My apocalypse has been strangely tranquil. At first I thought it was the calm before the storm. And maybe it will be. But for now, at least, life at our home feels like a sort of extra-long weekend, each day at least part Saturday, unhurried. Shedding the kids’ activities, our social engagements, half of Susan’s work—it’s made family life more spacious even if geographically our range has shrunk. When I look back on this month, I’ll recall family game nights, baseball with the kids in the backyard, walks around the neighborhood, teaching the kids to knead bread dough. (Don’t get the wrong idea. Life with a five- and a six-year-old involves plenty of exasperation too—but I do suspect it’s the sweet moments I’ll remember.) I don’t get as much work done from home. But I do get to look up and watch the kids on the swings or splashing in the puddles, and pause to marvel in the timeless pleasures of childhood.

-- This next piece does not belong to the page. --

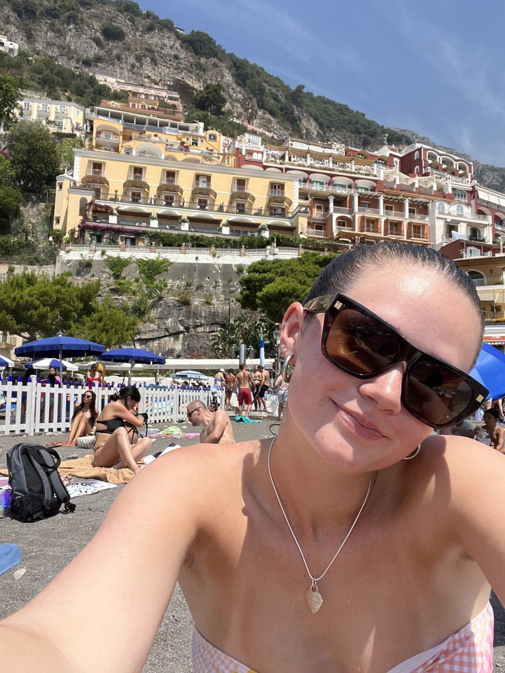 The beach was stunning. We sat at the beach for just 20 minutes, though, because it was unbelievably hot. The dark sand was also scorching, and as much as the cool water of the Tyrrhenian Sea was perfect for cooling off, the heat was hard to withstand in the middle of July. But swimming was an absolute fantasy – looking around at the magical views of the city built up around me was fascinating and so memorable.

I’m very aware that my experience is one of privilege. Susan works with people who live outside, and I was at Marion Correctional Institution in March, the day before it was closed to visitors. We’ve reflected quite a bit on the fact it’s a luxury to be able peacefully to shelter in place. A blessing, my grandparents would have said, though I find I keep tripping on that word. What is the difference, I find myself wondering, between being privileged and being blessed? What does gratitude look like when what I’m enjoying is, in part, the fruit of structural violence and inequality? For my grandparents, their consciousness shaped by the collective trauma of fleeing famine and war in Russia, being blessed meant living in peace and relative prosperity—plenty to eat, their farms unpillaged, their families unharmed by war. A blessing indeed. But of course not everyone made it safely out of Russia, and I keep recollecting a line from Rudy Wiebe’s The Blue Mountains of China: “I think Mrs. Friesen was praying too.”
I had a friend tell me recently that she had been sick with The Thing. Myself, I’ve taken to calling it the pestilence. It may be archaic, but I find the word refreshingly non-clinical, a usefully jarring contrast to the sanitized jargon of the politicians and pundits, with their models and projections, the false confidence they exude even while predicting our demise. Plus, the term pestilence keeps sending me back to Psalm 91—a timely prayer, but an unsettling one too:
“You who live in the shelter of the Most High, who abide in the shadow of the Almighty, will say to the LORD, ‘My refuge and my fortress, my God, in whom I trust.’ You will not fear the terror of the night, or the arrow that flies by day, or the pestilence that stalks in darkness, or the destruction that wastes at noonday. A thousand may fall at your side, ten thousand at your right hand, but it will not come near you. Because you have made the LORD your refuge, no scourge will come near your tent.”
More than ever, I find myself troubled by the moral logic of the Psalm, it’s implication that God reliably exempts the righteous, or holds some lives more dearly than others. But more than ever too I feel its urgency, the psalmist’s plea that his own house be spared.